◆ Material for this exercise
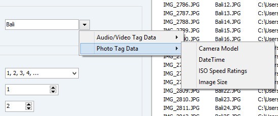 在文件名的某个位置添加文本和数字。可用时,元数据(拍摄日期和时间、相机模式等。)可以自动插入到文件名中。可以使用三种插入模式:正常、覆盖、替换。
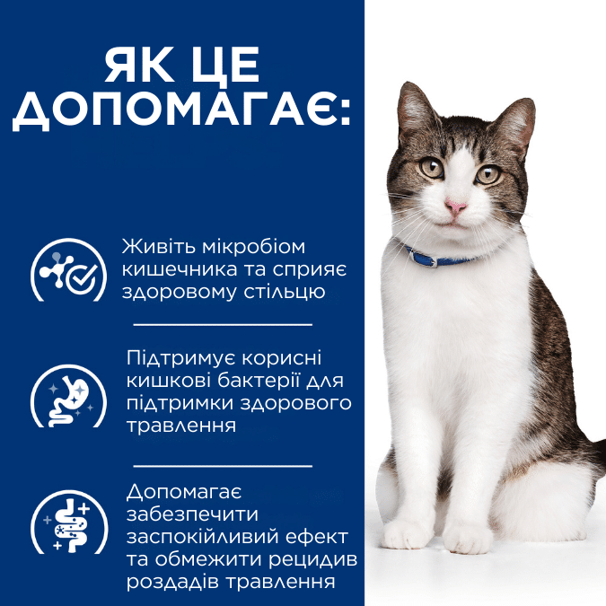 На здоров'я травної системи вашої кішки можуть негативно впливати багато факторів, і коли у вашої кішки розлад травлення, це абсолютно неприємний досвід для всіх учасників. Ви можете допомогти своїй кішці почуватися краще за допомогою корму, який революціонізує підхід до проблем шлунково-кишкового тракту, чутливих до клітковини, ставлячи здоров'я мікробіома – унікальну екосистему кишківника вашого улюбленця – на передній план догляду за шлунково-кишковим трактом.
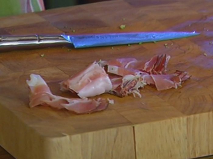Бекон нарезать небольшими кусочками.
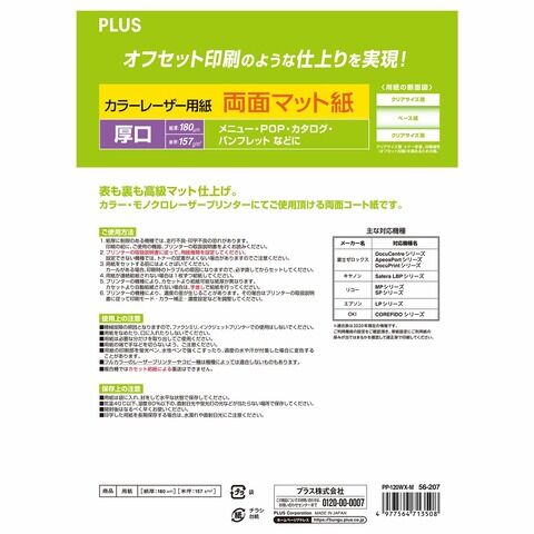 プラス 両面マット紙[A4/厚口/100枚] PLUS カラーレーザー用紙 PP-120WX-M(56207) 【返品種別A】
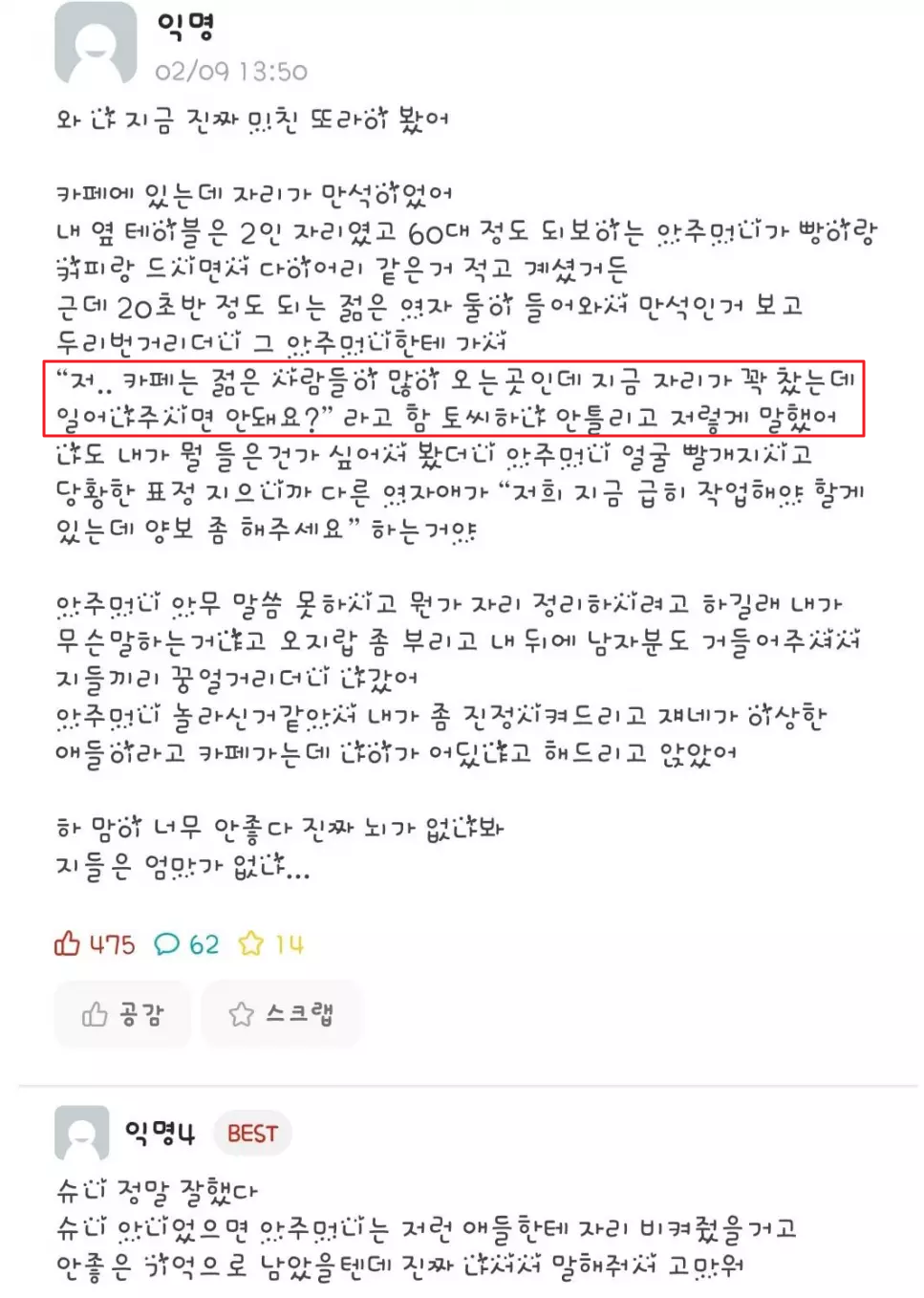 20대 초반 정도 되는 젊은 여자 둘이 "카페는 젊은 사람들이 많이 오는곳인데 지금 자리가 꽉 찼는데 일어나주시면 안돼요?", "저희 지금 급히 작업해야 할게 있는데 양보 좀 해주세요"......이게 말인가요???
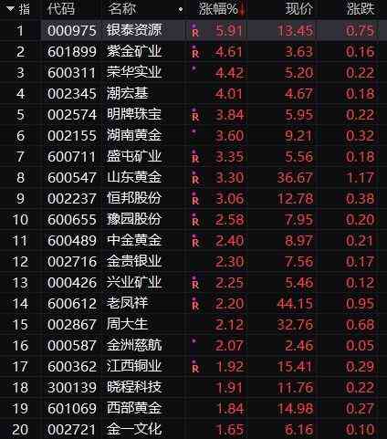 还有,紫金矿业、潮宏基、明牌珠宝、山东黄金、湖南黄金、中金黄金等多只个股均有明显拉升。
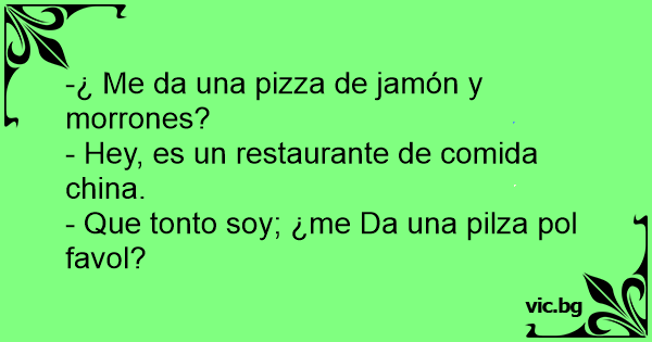 - Que тоnто soy; ¿me Da una pilza pol favol?

◆ The problem
Everything from the line with "还有,紫金矿业、潮宏基、明牌" through the last line of the listing above is to be copied exactly, both ends included, except the pictures.

◆ Output for this exercise
 还有,紫金矿业、潮宏基、明牌珠宝、山东黄金、湖南黄金、中金黄金等多只个股均有明显拉升。
 - Que тоnто soy; ¿me Da una pilza pol favol?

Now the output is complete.